Lesson learnt from data cleansing. Part I

Lately, I have been experimenting on Kaggle competition. This is the one I chose because I want to use neo4j to give some recommendation or in a sense I want to do unsupervised learning. From day one I faced a lot of problem dealing with a lot of data and they are not clean in a way. For example, in this competition, there is users dataset which contains all the users. And there is a friend dataset which contains all the friends. The data look like this.

users dataset

friends dataset

The first dataset I could dump everything into neo4j without any problem because it’s just 30000 records it only took me 5 mins to do it. However, the second dataset was kind of a problem because the column friends not all of the ids exist in users database which means the users don’t exist. So, I had to check if the ids exist in user dataset or not. It turned out that the friends dataset is quite large (about 50 MB) and it could be 3000 ids in one column. So, my first thought would be just to do it one by one.

Frist attempt
So, what I did first was to dump the whole users dataset to neo4j. And then for loop to check if id exists then insert if not just ignore it. I used cypher to check if the id exists. It turned out that I left my computer for 24 hours and it went just only 10% of the data.
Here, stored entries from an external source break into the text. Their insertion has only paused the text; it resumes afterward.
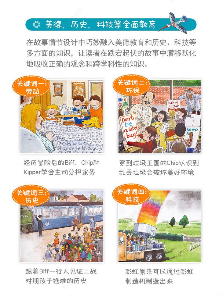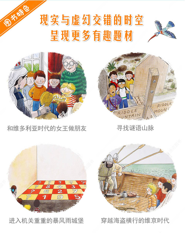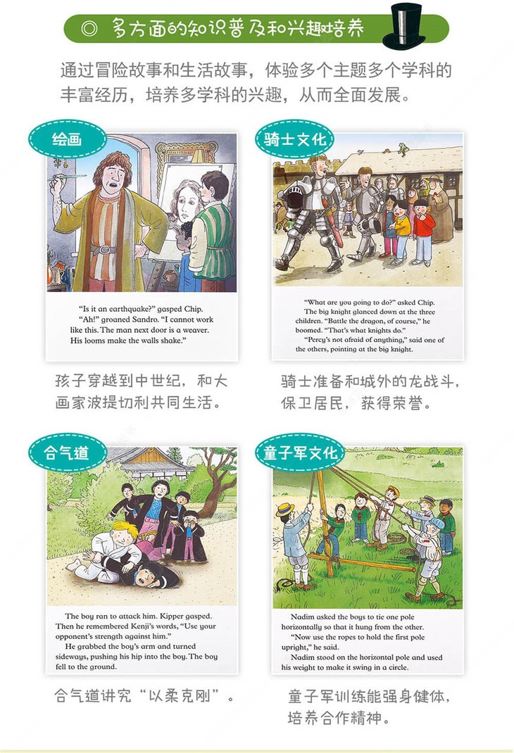 一个个生动的冒险故事中,国外的生活、习俗在故事充分展现,让孩子深入到英语国家普通人的生活中,体味地道的文化和思维,同时接触跨学科的知识。
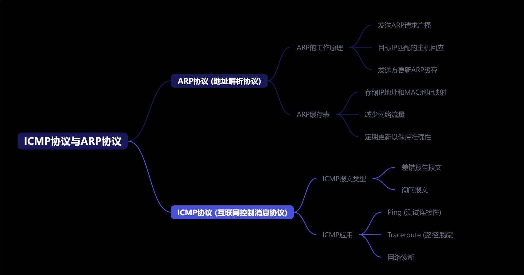 - 功能:ARP的主要功能是在局域网中通过广播请求的方式,将已知的IP地址映射到对应的MAC地址,以便数据包能够正确发送到目标设备。
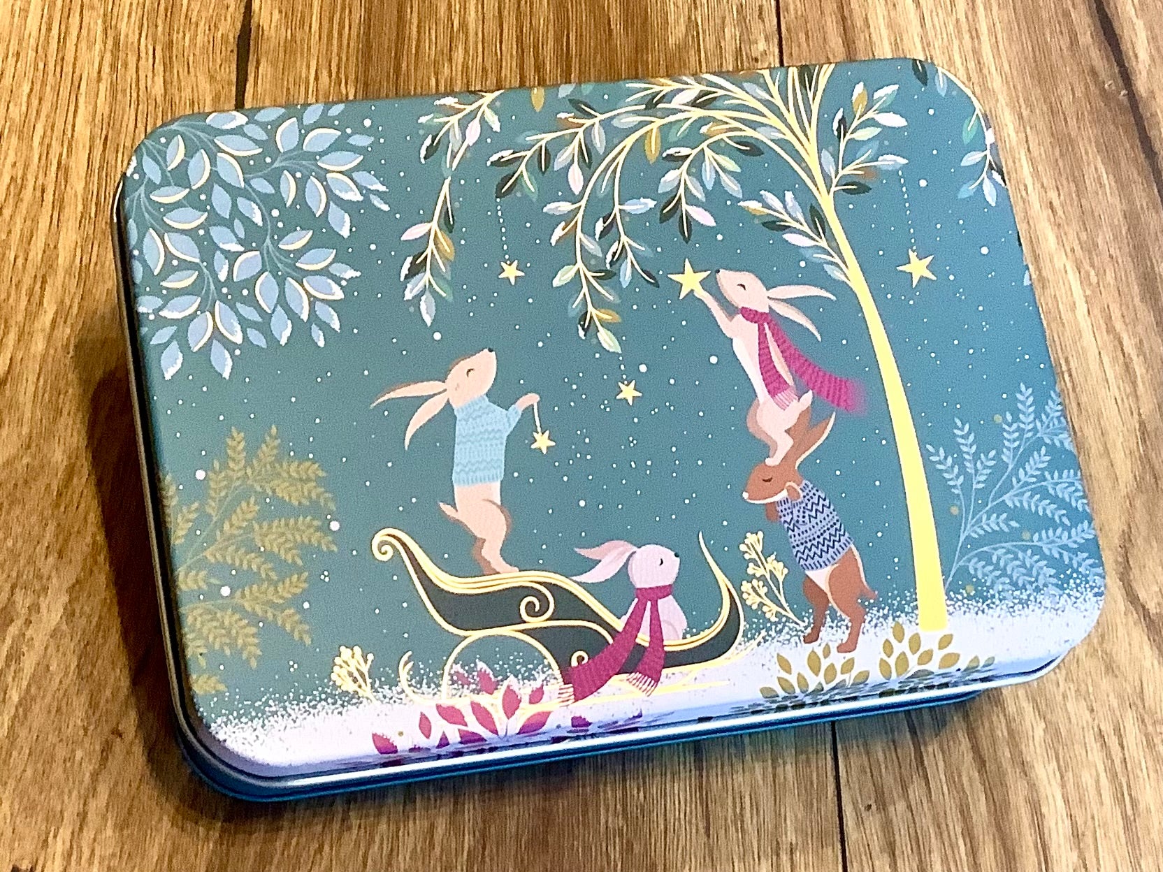 Blechdose 14x10x4cm Sara Miller X-Mas-Hasen
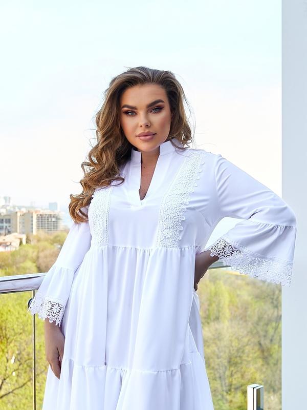 Тканина: софт Колір: білий, чорний, мінтол ( новий колір) Розмір: 50-52; 54-56; 58-60 Опис: обшите мереживом 50-52р ОГ - 106см ОТ(талия завышенная) - 110см Длина изделия - 114см Длина рукава 50см 54-56р ОГ - 114см ОТ - 120см Длина изделия - 114см Длина рукава - 50см 58-60р ОГ - 126см ОТ - 124см Длина изделия - 114см Длина рукава 50см лд

It was really slow. One thing from this was that I used neography which means it’s using REST api which usually it’s slower than embedded code. And I couldn’t wait for a whole week just to import the data. So, I moved on. The slow part was the checking every time so I guess it would be nice to clean the data before I dump that to neo4j.

Second attempt
I tried to use Google Refine to cross check two datasets but it couldn’t even pass the stage “split multi-valued cells” which to split column values to rows. Google Refine uses too much ram. I even tried to start EC2 instance but it froze along the way as well. I posted the question and got the solution here

Third attempt
I used MySQL to join the tables and and check if the ids exist. Dumping all the data to MySQL was pretty easy my plain old PHP and MySQL. It turned out the friends dataset got around 38 Million rows. And here’s the script I used to check if the id doesn’t exit spit it out and delete it.
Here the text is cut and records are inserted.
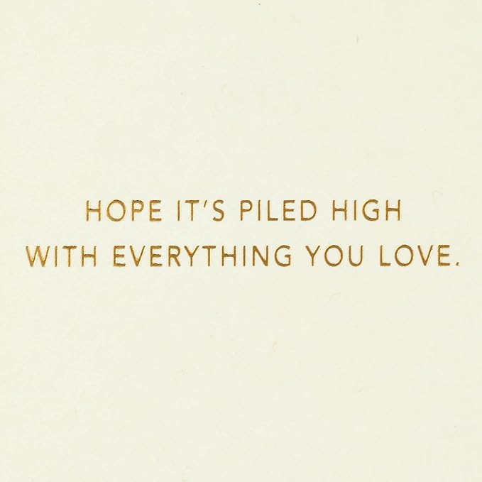 - Cover features an embellished triple cheeseburger design with a birthday candle on top. Message reads: "Happy birthday." Inside reads: "Hope it's piled high with everything you love."
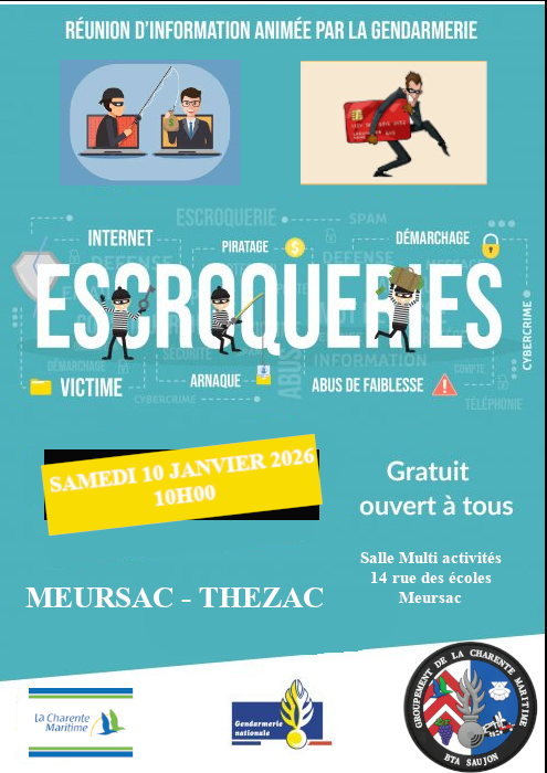 Au vu de l’évolution importante en terme de volume victimes en ce qui concerne les escroqueries et abus de confiance, la Gendarmerie de SAUJON a débuté des petites réunions d’information sur le sujet à l’attention des administrés.
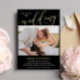 Einfache und schöne doppelseitige Einladung in einem Foto Hochzeit mit Ihren Fotos. Join uns für die Hochzeit von ist an der Spitze des Fotos Hochzeit einladen geschrieben, mit Hochzeit in einem schönen Kalligraphie-Skript in Goldfolie gedruckt. Ihre Namen auch in Goldfolie. Auf der anderen Seite fügen Sie ein weiteres Foto und zusätzliche Hochzeitsinformationen, die Ihre Gäste benötigen werden. Schwarz-Gold Foto Hochzeitseinladung.
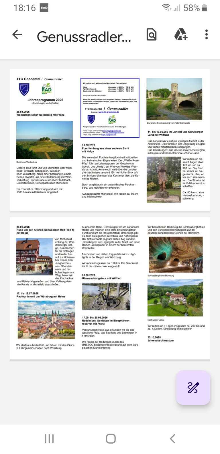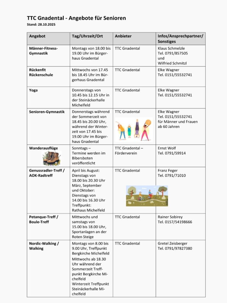 Die TTC- Genussradler freuen sich auf dein Kommen. Jeden Dienstag starten wir um 18 Uhr am Rathaus Michelfeld zu einer 2-stündigen Ausfahrt. Infos bei deinem Radguide Franz Feger 0791-71010 […]

 SELECT uf.id, uf.friend_id, u.user_id FROM eventify.UserFriends uf LEFT JOIN eventify.Users u on uf.friend_id = u.user_id WHERE u.user_id is NULL LIMIT 1

It was also really slow since I just use my Macbook and didn’t even turn MySQL performance. So I moved on again.

Final attempt
I couldn’t believe that this will be the simplest and most effective way. What I did was to dump the whole users dataset to Hash in Ruby and check the friends dataset which surprisingly it only took Ruby 10 mins to do that. Then it only took Ruby and neo4j around 2 hours to import the cleaned data.

So lesson learnt for me was if anything can be done in memory do that first.

I’ll try to dump the rest in and blog about how did I get on with recommendation engine from neo4j.